Set down the records exactly as they stand, except for any pictures, which you should omit.
■ ■ ■ ■ ■
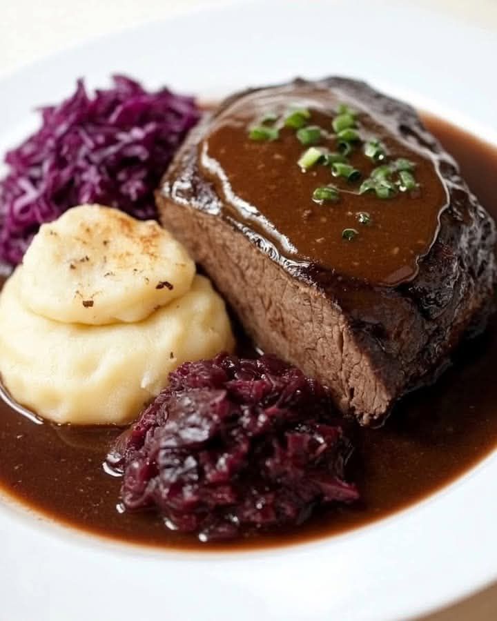 In het hart van het Rijnland, waar eeuwenoude culinaire tradities worden gekoesterd, vindt men de Sauerbraten – een gerecht dat meer is dan alleen voedsel. Het is een verhaal van geduld, ambacht en generaties van smaakvolle erfenis, waar elk stuk vlees wordt getransformeerd in een culinair meesterwerk.
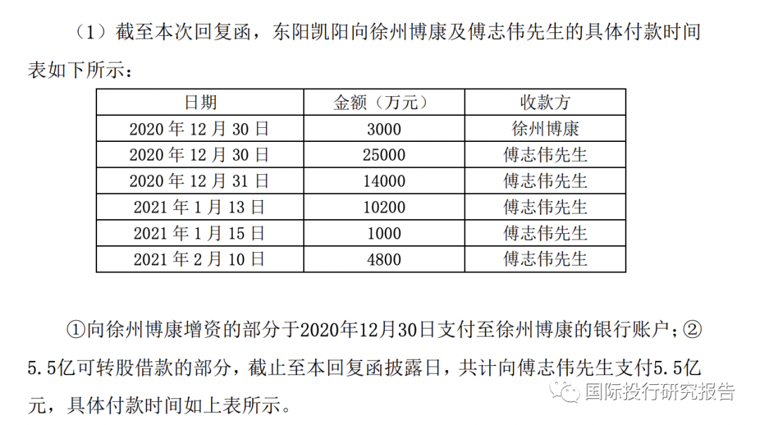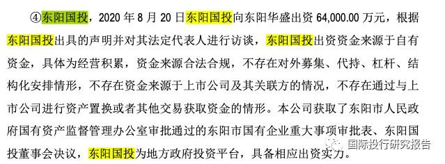 回复函称东阳国投资金来源是经营积累
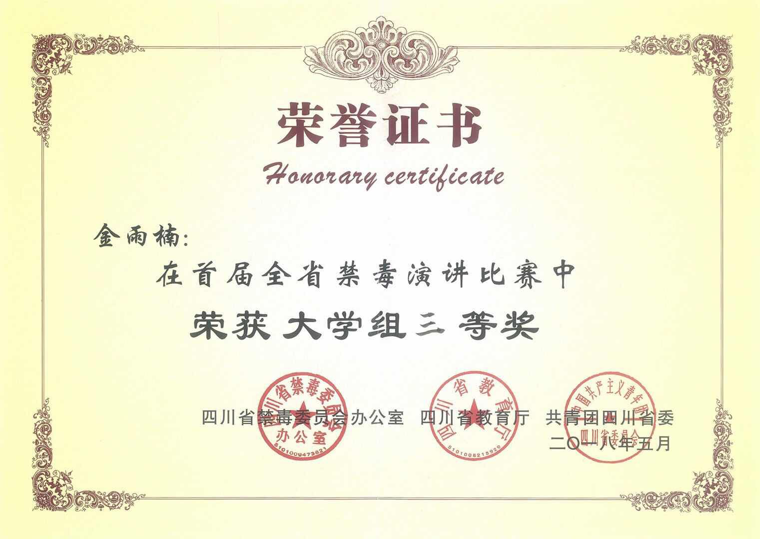 5月28日,由四川省禁毒委員會辦公室、四川省教育廳、共青團四川省委聯(lián)合舉辦的四川省首屆禁毒演講比賽決賽在四川公安廳新聞發(fā)布廳舉行,來自全省各地的200多名選手經(jīng)過初賽、全省復賽淘汰后,12名選手進入決賽激烈角逐,我校大學生藝術(shù)團選手金雨楠榮獲大學組三等獎的佳績。
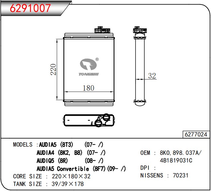 适用于奥迪?A5?(BT3)?(07-/)奥迪?A4?(8K2?B8)(?07-/)奥迪?Q5?(8R)?(08-/)奥迪A5?CONVERTIBKLE?(8F7)?(09-/)暖风
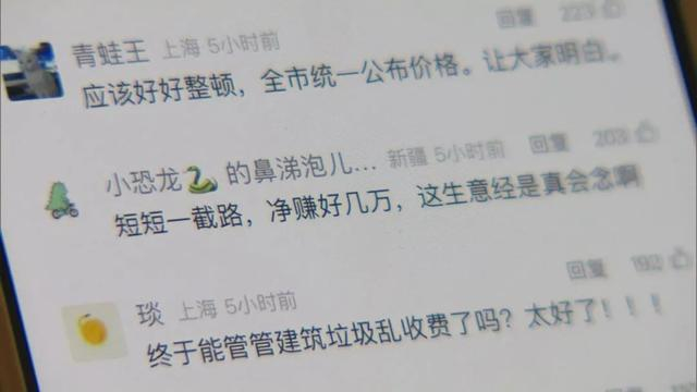 对此,浦东玖海云天小区清运“中间人”声称:“不是我们贵,我们还要出人工、要搬、要运,跟物业签了合同,够一车了就给正规公司打电话,让正规公司来拉。”
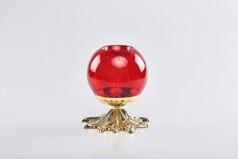 Lampada sfera in vetro rosso su base in elegante fusione artistica in bronzo dorato - diametro cm. 18 alt. cm. 21
■ ■ ■ ■ ■
• _Your solution_
 In het hart van het Rijnland, waar eeuwenoude culinaire tradities worden gekoesterd, vindt men de Sauerbraten – een gerecht dat meer is dan alleen voedsel. Het is een verhaal van geduld, ambacht en generaties van smaakvolle erfenis, waar elk stuk vlees wordt getransformeerd in een culinair meesterwerk.
 回复函称东阳国投资金来源是经营积累
 5月28日,由四川省禁毒委員會辦公室、四川省教育廳、共青團四川省委聯(lián)合舉辦的四川省首屆禁毒演講比賽決賽在四川公安廳新聞發(fā)布廳舉行,來自全省各地的200多名選手經(jīng)過初賽、全省復賽淘汰后,12名選手進入決賽激烈角逐,我校大學生藝術(shù)團選手金雨楠榮獲大學組三等獎的佳績。
 适用于奥迪?A5?(BT3)?(07-/)奥迪?A4?(8K2?B8)(?07-/)奥迪?Q5?(8R)?(08-/)奥迪A5?CONVERTIBKLE?(8F7)?(09-/)暖风
 对此,浦东玖海云天小区清运“中间人”声称:“不是我们贵,我们还要出人工、要搬、要运,跟物业签了合同,够一车了就给正规公司打电话,让正规公司来拉。”
 Lampada sfera in vetro rosso su base in elegante fusione artistica in bronzo dorato - diametro cm. 18 alt. cm. 21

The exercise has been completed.